▶ What to do: Line by line, set down all the data below exactly, omitting any picture.
*** Given information
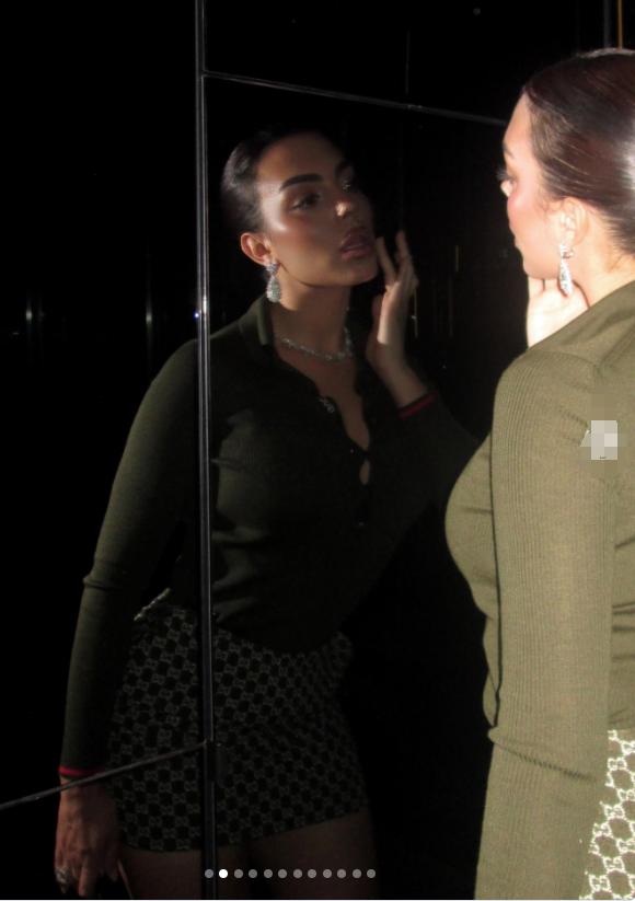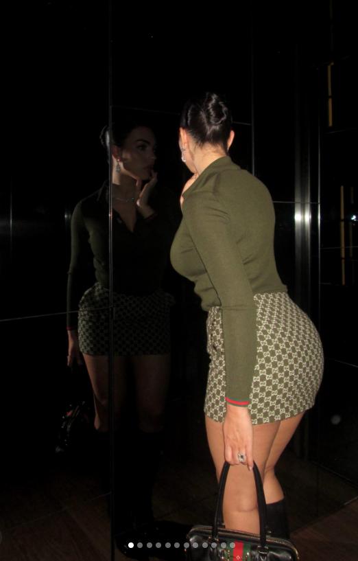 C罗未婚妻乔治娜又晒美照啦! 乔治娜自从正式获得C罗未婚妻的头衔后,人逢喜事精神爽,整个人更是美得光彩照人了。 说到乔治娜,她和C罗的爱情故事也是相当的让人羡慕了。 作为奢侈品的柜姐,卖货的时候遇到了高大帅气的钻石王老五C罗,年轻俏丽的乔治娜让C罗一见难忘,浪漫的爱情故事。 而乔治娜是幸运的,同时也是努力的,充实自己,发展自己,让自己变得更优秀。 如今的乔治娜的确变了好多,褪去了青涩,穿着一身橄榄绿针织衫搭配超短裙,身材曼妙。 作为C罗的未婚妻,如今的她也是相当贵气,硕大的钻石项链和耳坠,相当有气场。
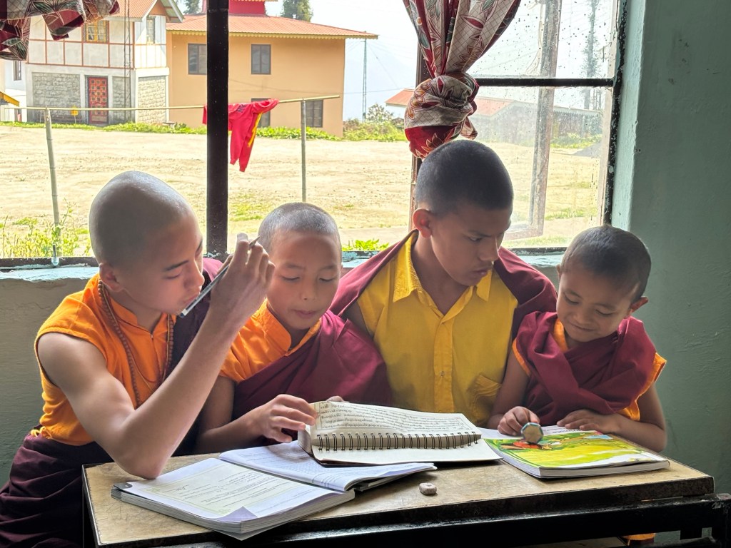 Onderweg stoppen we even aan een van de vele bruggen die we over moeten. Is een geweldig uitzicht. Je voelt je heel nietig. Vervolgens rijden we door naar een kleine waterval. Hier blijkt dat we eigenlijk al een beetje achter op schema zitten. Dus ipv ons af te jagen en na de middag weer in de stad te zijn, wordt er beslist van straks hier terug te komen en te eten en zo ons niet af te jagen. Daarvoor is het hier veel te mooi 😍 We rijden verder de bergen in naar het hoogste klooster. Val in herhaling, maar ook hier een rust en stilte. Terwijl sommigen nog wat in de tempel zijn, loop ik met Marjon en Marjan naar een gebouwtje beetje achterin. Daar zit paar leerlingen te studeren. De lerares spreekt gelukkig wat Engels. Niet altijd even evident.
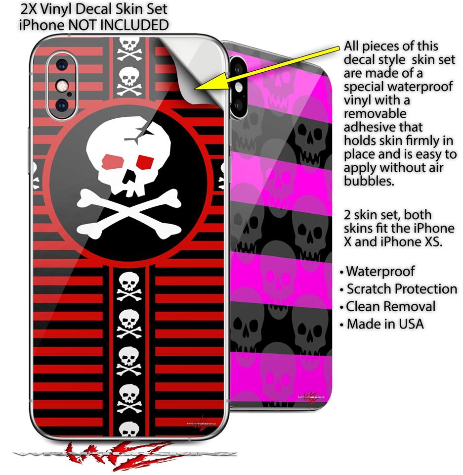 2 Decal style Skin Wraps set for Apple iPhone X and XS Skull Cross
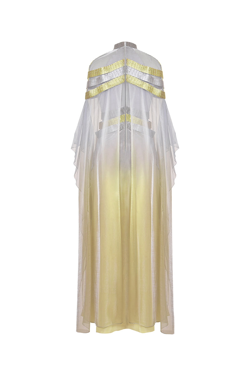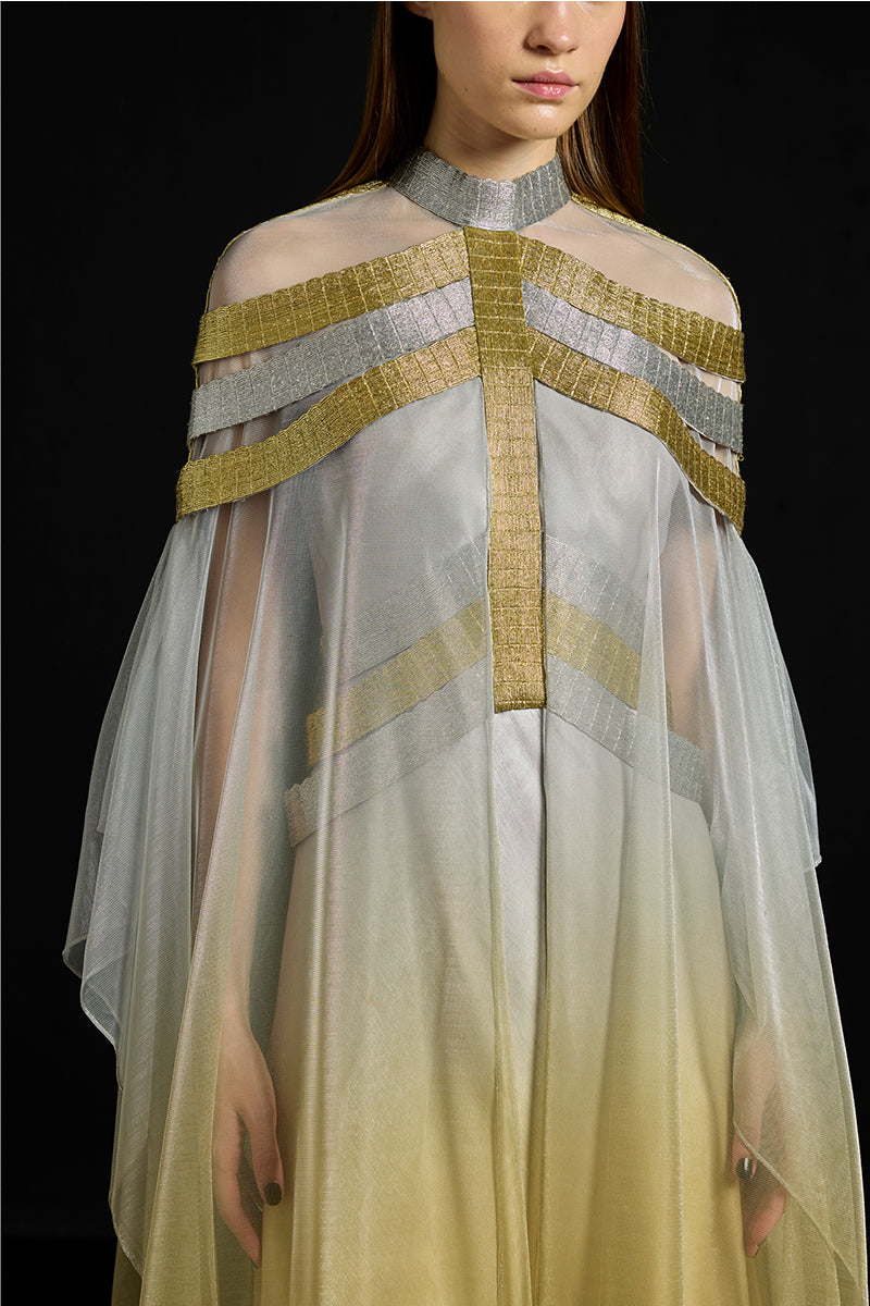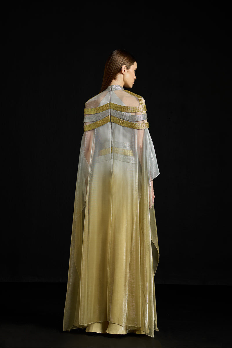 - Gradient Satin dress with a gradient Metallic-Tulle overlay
******
▶ Solution:
 C罗未婚妻乔治娜又晒美照啦! 乔治娜自从正式获得C罗未婚妻的头衔后,人逢喜事精神爽,整个人更是美得光彩照人了。 说到乔治娜,她和C罗的爱情故事也是相当的让人羡慕了。 作为奢侈品的柜姐,卖货的时候遇到了高大帅气的钻石王老五C罗,年轻俏丽的乔治娜让C罗一见难忘,浪漫的爱情故事。 而乔治娜是幸运的,同时也是努力的,充实自己,发展自己,让自己变得更优秀。 如今的乔治娜的确变了好多,褪去了青涩,穿着一身橄榄绿针织衫搭配超短裙,身材曼妙。 作为C罗的未婚妻,如今的她也是相当贵气,硕大的钻石项链和耳坠,相当有气场。
 Onderweg stoppen we even aan een van de vele bruggen die we over moeten. Is een geweldig uitzicht. Je voelt je heel nietig. Vervolgens rijden we door naar een kleine waterval. Hier blijkt dat we eigenlijk al een beetje achter op schema zitten. Dus ipv ons af te jagen en na de middag weer in de stad te zijn, wordt er beslist van straks hier terug te komen en te eten en zo ons niet af te jagen. Daarvoor is het hier veel te mooi 😍 We rijden verder de bergen in naar het hoogste klooster. Val in herhaling, maar ook hier een rust en stilte. Terwijl sommigen nog wat in de tempel zijn, loop ik met Marjon en Marjan naar een gebouwtje beetje achterin. Daar zit paar leerlingen te studeren. De lerares spreekt gelukkig wat Engels. Niet altijd even evident.
 2 Decal style Skin Wraps set for Apple iPhone X and XS Skull Cross
 - Gradient Satin dress with a gradient Metallic-Tulle overlay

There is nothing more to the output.